スターエッグ(1)

 半年前に始まった体育館横の工事。どうも規模がおかしい。

 学校の施設が新しく建設されるらしいが、手当たり次第に聞いて回っても、詳しいことを誰も知らなかった。先生に聞いても一様に首を振る。まさか誰も知らないということはないだろうに。

 しかし、世の中には、誰も関与していないのに粛々と進んでいく計画というというのがあってもおかしくはない。誰かの親が問い合わせでもしていないのだろうか。力を持たぬ一学生というのは無力なものだ。問いを発せども、謎を解くことが叶わない。

 日常に蒔かれた謎は、私たちが日々の生活にかまけている間、淡々と養分を蓄え、すくすくと成長する。いつか、皆に忘れられた頃、それがどのようなものになっているのか、きっと誰も知らない。

 そういうものが世の中にたくさんあると思うと、私はとても安心するのだけど。

 

ーーー

 

「さ、帰るで。学生の仕事はお仕舞いや。就業時間は守らなあかん。」

 友人から声をかけられる。友人は別段学校が嫌いというわけではない。むしろ好きな方だと思うのだが、終業のベルが鳴るといち早く出て行く。詳しく聞いたことはないが、何か思うところがあるのだろう。

 一度、延長していたHR中にこっそり出ようとして見つかり、却って帰宅が遅くなったこともある。無論、それに付き合わされた私もたっぷり絞られた。今でも恨んでいる。

「たしかに、学生の仕事は終わったかもしれない。しかし、人生の仕事とは、まさに今から始まると思わないかい?」

「また小難しいこと言って。人生の仕事を始めたいから、うちはさっさと帰りたいねん。」

「うむむ。」

 私は教室の窓から見える建物に目をやる。体育館の横、件の施設だ。

 あれから滞りなく工事は終わり、建物は完成した。足場やシートは取り払われ、今では半分に切られた巨大なゆで卵が鎮座している。ゆで卵、というのは比喩ではない。ほんとうに真っ白でドーム状の建物なのだ。見たところ、窓も入り口もない。

 先ほどのHRで、明日から授業での使用が開始されると先生が言っていた。私たちのクラスが一番乗りとのこと。気になる。

「日米共同開発のタイムマシンという噂があったな。」

「その手の噂は全部君が流したものだろう。半魚人の養殖所、隕石を誘導する装置、巨大迷路、学内自給自足を目指した畑、コールドスリープ研究所。クラス内で出回った数々の怪文書、筆跡は全部君のものだったように思うが。」

「はー、世知辛い。パソコンの操作、いよいよ覚えなあかんわ。」

「活字だろうがなんだろうが、クラスでそんなことをするのは君くらいだけどな。」

「でも、突飛な方が夢があるやん。うちは皆に夢を見せてあげてるんよ。」

「夢ねえ。」

 でも、よく考えてみると、人に夢を見せることなんてできるのか?

 私は夢を誰かに見られたことなんて一度もない。将来の夢を人に話したことはあるけど、あれだって別に直接心の中の夢を見られたわけではないだろう。「見たで!昨日のあれ、あの夢はちょっとないんちゃうか!」と、友人なら言いかねないが、実際にそんなことを言われたことはもちろんない。

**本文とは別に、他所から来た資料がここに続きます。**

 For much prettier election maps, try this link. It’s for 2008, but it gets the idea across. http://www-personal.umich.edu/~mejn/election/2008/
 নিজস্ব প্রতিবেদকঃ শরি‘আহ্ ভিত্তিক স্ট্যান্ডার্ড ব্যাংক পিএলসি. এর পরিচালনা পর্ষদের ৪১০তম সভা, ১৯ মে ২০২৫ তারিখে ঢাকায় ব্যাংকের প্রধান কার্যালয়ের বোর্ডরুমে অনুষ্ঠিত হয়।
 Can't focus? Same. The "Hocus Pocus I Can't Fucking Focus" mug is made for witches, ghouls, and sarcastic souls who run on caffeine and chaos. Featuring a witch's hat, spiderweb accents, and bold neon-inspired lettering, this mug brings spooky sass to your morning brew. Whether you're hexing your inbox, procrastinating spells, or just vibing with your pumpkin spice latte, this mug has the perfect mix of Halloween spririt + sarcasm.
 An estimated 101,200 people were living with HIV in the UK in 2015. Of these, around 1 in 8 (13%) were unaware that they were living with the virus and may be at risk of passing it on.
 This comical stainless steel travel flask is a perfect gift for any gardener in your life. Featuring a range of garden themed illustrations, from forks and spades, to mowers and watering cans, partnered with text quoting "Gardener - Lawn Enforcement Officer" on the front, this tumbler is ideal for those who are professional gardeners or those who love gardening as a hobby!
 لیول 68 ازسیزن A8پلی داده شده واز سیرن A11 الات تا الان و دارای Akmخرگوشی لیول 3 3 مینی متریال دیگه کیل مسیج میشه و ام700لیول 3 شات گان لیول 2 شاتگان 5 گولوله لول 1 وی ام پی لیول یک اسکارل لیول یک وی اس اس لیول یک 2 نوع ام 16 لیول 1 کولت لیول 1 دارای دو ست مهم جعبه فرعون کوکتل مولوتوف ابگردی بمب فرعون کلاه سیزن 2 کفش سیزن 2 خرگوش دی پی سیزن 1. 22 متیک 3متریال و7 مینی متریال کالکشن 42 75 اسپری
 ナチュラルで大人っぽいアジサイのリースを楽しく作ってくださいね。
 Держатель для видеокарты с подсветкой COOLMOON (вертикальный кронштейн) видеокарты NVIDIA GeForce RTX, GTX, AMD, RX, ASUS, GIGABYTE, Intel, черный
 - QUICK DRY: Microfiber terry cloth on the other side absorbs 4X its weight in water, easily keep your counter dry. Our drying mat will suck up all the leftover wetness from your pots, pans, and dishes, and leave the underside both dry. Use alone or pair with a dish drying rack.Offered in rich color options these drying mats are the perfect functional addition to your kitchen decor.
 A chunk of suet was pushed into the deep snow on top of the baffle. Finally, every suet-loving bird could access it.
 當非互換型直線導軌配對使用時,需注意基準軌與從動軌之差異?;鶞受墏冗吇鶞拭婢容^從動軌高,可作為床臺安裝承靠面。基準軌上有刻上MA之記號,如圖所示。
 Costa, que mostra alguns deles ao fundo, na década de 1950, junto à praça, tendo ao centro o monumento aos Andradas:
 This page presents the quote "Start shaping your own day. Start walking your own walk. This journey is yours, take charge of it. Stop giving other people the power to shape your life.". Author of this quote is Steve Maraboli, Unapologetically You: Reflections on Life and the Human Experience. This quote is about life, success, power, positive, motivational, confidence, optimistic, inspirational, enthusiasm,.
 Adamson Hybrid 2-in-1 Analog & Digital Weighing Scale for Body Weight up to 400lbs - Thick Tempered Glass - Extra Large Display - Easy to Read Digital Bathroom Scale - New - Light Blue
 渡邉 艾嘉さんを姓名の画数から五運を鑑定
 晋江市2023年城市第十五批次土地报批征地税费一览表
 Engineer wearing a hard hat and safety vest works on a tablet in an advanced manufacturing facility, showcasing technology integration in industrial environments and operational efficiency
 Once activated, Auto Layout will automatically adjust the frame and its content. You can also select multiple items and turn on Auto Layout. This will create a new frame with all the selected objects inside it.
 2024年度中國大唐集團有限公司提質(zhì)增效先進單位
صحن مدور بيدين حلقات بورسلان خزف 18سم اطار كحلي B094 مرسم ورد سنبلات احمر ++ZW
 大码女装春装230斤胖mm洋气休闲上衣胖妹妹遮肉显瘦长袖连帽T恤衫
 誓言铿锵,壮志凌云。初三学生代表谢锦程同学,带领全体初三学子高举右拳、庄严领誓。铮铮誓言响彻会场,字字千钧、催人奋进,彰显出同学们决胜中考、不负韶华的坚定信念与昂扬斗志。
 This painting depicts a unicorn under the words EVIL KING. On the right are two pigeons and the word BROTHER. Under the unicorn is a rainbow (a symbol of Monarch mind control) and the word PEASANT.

 謎には夢があるという点では、友人に同意してもいいけれど。

「なあなあ、うちもう帰るで。」

 よしなしごとを考えていたら、友人がしびれを切らしたようだ。私の返事も待たずに歩いていく。

 さて、どうするか。ゆで卵は気になるのだが、果報は寝て待てともいう。どうせ明日になれば、嫌でも謎の正体は暴かれるのだ。ならば、他にするべき人生の仕事があるのかもしれない。

 後ろ髪を引かれる思いではあったが、私は友人の後に続いた。